Meanwhile in Victoria: Mantach sentenced, Abercrombie a victim,
Judge hands ex-Liberal boss a heavy sentence; Labor’s easy votes; and why there’s nothing ugly about wind farms.
Judge Liz Gaynor surprised judicial and political observers with the strength of the sentence handed down to fraudster and former Liberal Party state director Damien Mantach today.
The 42-year-old was sentenced to five years in prison for defrauding the party of more than $1.5m via a false invoicing scam between 2010 and 2015.
The sentence includes a non-parole period of two years and eight months.
Mr Mantach, who pleaded guilty to fraud offences, opted not to apply for bail after he was charged and has remained in custody since late last year.
Nevertheless, he will still have to spend another two years behind bars under the terms of the sentence.
He told the court in sentencing hearings he stole the money to pay off debts and to try to save his failing marriage.
The fraud created shock waves in the Liberal Party with president Michael Kroger blaming his factional opponents for failing to prevent the fraud during their time in charge.
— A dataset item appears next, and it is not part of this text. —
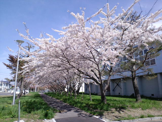 近くの桜が満開です。
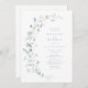 Flores silvestres de cor aquática delicadas e elegantes, ao lado de seus detalhes de eventos. Paletas de pastel de amarelo macio, branco esbranquiçado, verde-sábio, azul empoeirado e verde botânico, simples e romântico. Excelente de brunch floral e convites de chá de panela espumantes para o moderno partido rústico, festas de jardim boho country no primavera e verão.

There have also been tensions over how Mr Mantach came to be employed by the Victorian division when there were doubts raised about his credit card expenditure while running the Tasmanian division of the party.
Abercrombie and filch
In one of those bizarre coincidences, the man who quit as Liberal state treasurer amid the fallout over the Mantach scandal was himself in the news today, as a personal victim of crime.
The multi-millionaire businessman Andrew Abercrombie, who founded the listed credit provider FlexiGroup, has suffered not one but two break-ins with thieves taking $1m of jewels from his Toorak mansion in June. A week later his clifftop house in Portsea was also broken into.
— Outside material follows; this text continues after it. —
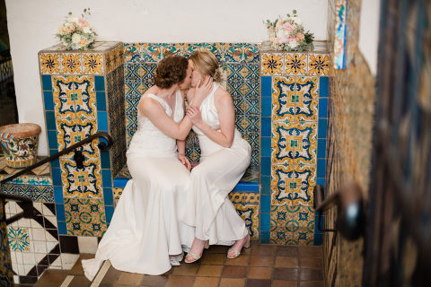 Devon and Rachel chose to have a Santa Barbara courthouse Mural Room wedding because they loved the historic architecture and the colorful details like the tiles. For their portraits we explored the entrance, staircases, and the clock tower. The clock tower has the best view in Santa Barbara! Santa Barbara Hair & Makeup styled them for their day while Twisted Twig provided the gorgeous bouquets! And, of course, I’d love the capture your day for you! You can check out my photography elopement packages here.

Police have released photos of some of the jewellery stolen in the Toorak raid along with pictures of a blue Holden station wagon allegedly used by the thieves.
The easy way to find a Labor voter
Look for areas where the median house price is $700,000 or below. That’s in Victoria anyway. This rule of thumb, which has emerged in new federal election analysis by state Labor assistant secretary Kosmos Samaras, may have to be adjusted upwards in the case of Sydney and downwards in other capitals.
Samaras, in a post published on his personal blog, analysed swings in Victoria at a booth level against median house prices.
The results showed most areas where the median house price was above this magic level, swung hard against the ALP and those beneath it, swung towards the ALP.
“It’s so strong that the correlation is around 80 per cent,” Samaras wrote. “So the more expensive the suburb, the strong likelihood Labor lost votes. Geography and political history amounted to very little in the result.”
This trend might be accentuated this time around by the ALP’s negative gearing policy as Samaras found that higher proportions of negative gearers were found in areas above $700,000 median house price.
This offers an explanation for the ALP’s loss of Chisholm with home values soaring in this heavily Chinese influenced part of Melbourne, although Meanwhile in Victoria has heard the local campaign to retain the seat was anything but smooth.
Conversely in Dunkley, where Labor logged a swing but ultimately failed to pry the seat from the Liberals, it was on the back booths in those pockets of the seat where house prices are lower than the southeast Melbourne average.
It is food for thought for ALP MPs in areas with rising house prices. And it cuts both ways — in the post-material inner city, the drift is towards the Greens, and in the suburbs it is towards the conservatives.
Wind changes on renewables
Mary Poppins famously told the Banks children that she would “stay until the wind changes”, well the wind has changed in Victoria according to Planning Minister Richard Wynne with the announcement of a $650m wind farm in the southwest.
Mr Wynne said the Andrews government’s streamlining of wind farm approvals last year had revived Victoria’s renewable industry after “the Liberals almost killed it”.
The new 96-turbine wind farm will be near Dundonnell, 200km west of Melbourne, and is expected to generate enough energy to power 140,000 homes.
Premier Daniel Andrews said Victoria couldn’t be left behind in the world’s shift to renewable energy.
“There’s nothing ugly about wind farms, because there’s nothing ugly about jobs,” he said.
According to the government there will be 300 direct and indirect jobs during construction but only up to 16 positions when the wind farm is operational.